Average Reward update rule: $\bar{R} \leftarrow \bar{R} + \alpha^{\bar{R}}\delta$

Critic weight update rule: $\mathbf{w} \leftarrow \mathbf{w} + \alpha^{\mathbf{w}}\delta\nabla \hat{v}(s,\mathbf{w})$

Actor weight update rule: $\mathbf{\theta} \leftarrow \mathbf{\theta} + \alpha^{\mathbf{\theta}}\delta\nabla ln \pi(A|S,\mathbf{\theta})$


1 Answer 1


This is simply from definition of return in average reward setting (look at equation $10.9$). The "standard" TD error is defined as \begin{equation} TD_{\text{error}} = R_{t+1} + V(S_{t+1}) - V(S_t) \end{equation} In average reward setting, average reward $r(\pi)$ is subtracted from reward at $t$, $R_t$, so TD error in this case is \begin{equation} TD_{\text{error}} = R_{t+1} - \bar R_{t+1} + V(S_{t+1}) - V(S_t) \end{equation} where $\bar R_{t+1}$ is estimate of $r(\pi)$.

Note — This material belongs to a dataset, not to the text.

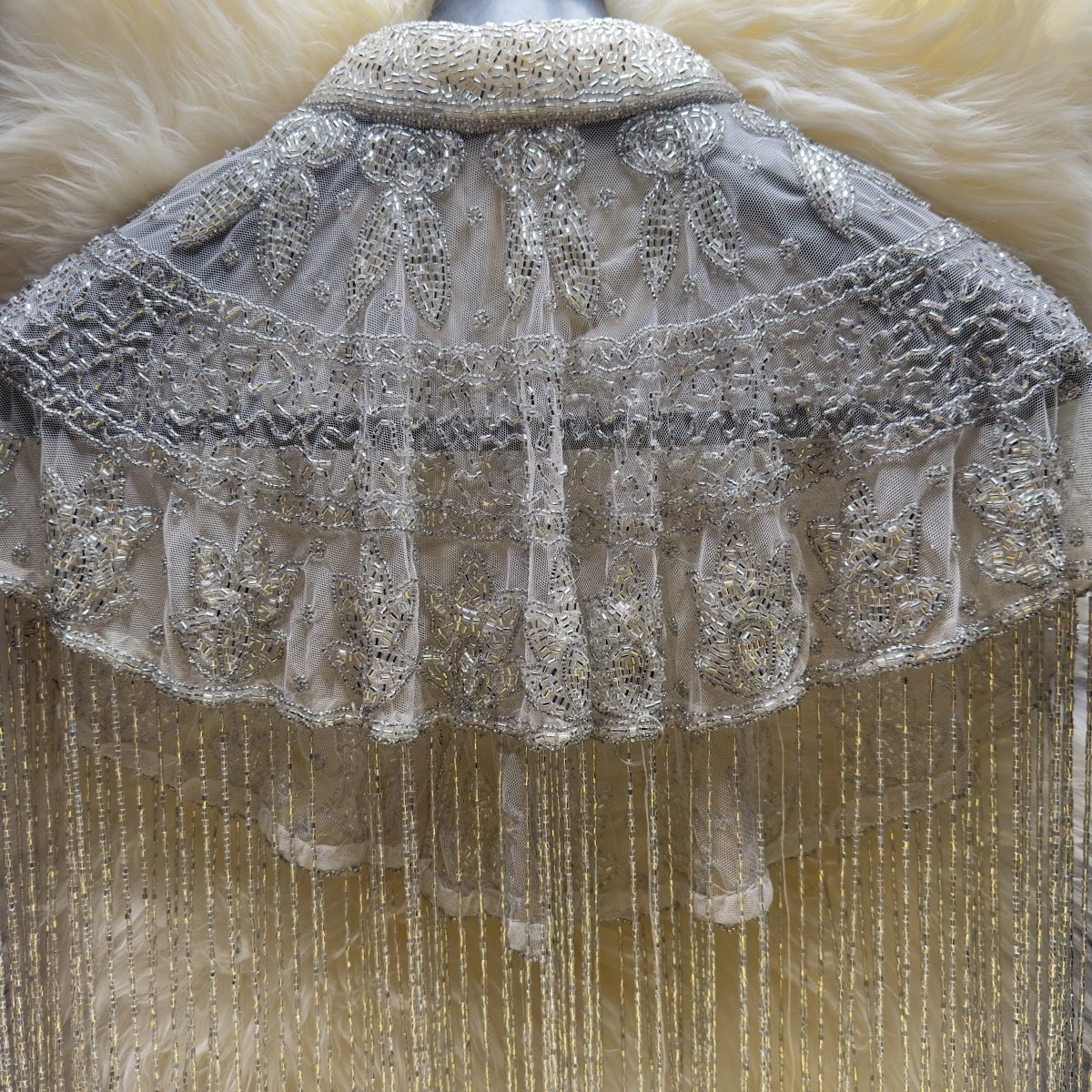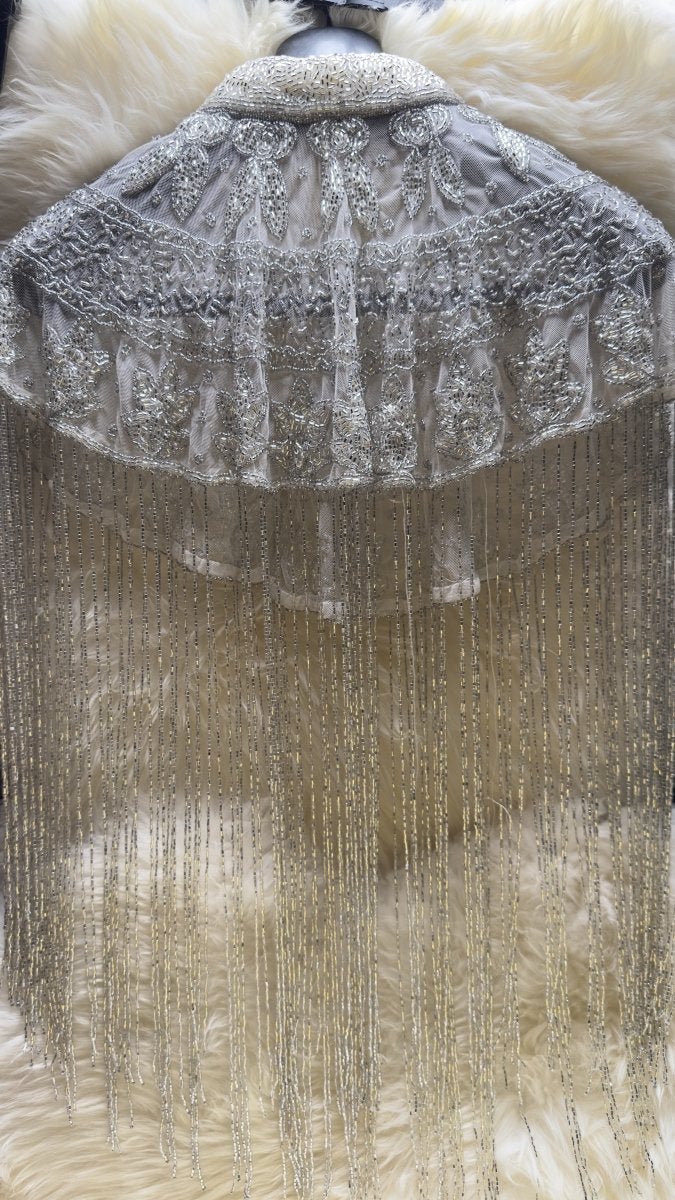 Add an air of grandeur to your attire with this Royal Silver Handcrafted Cape. Featuring breathtaking hand embroidery adorned with silver beads and sequins, this cape is a timeless piece perfect for those who love to make a statement. The delicate craftsmanship and sheer fabric create an ethereal look, while the cascading tassels add elegance and flair. This exquisite cape is free size, designed to effortlessly drape over any outfit, making it ideal for weddings, parties, and special occasions. Elevate your style with this luxurious piece that pairs beautifully with sarees, gowns, and lehengas.

You can use $\delta_t$ in all 3 updates because neither of these updates depend on each other. For example if you update $\mathbf w$ you don't use that then to update $\mathbf \theta$, or if you update $\bar R$ you don't use updated version to update $\mathbf w$ or $\mathbf \theta$ so you're not introducing additional bias. In each separate update you also don't have $\delta_t$ present multiple times so that you require multiple sampling per timestep to get the unbiased update.

Additionally this is semi-gradient algorithm, it uses bootstrapped estimate $V_{t+1}$ but it doesn't calculate full derivative with respect to it aswell, only with respect to $V_t$ so the algorithm is biased by default, but works well enough in practice for linear case.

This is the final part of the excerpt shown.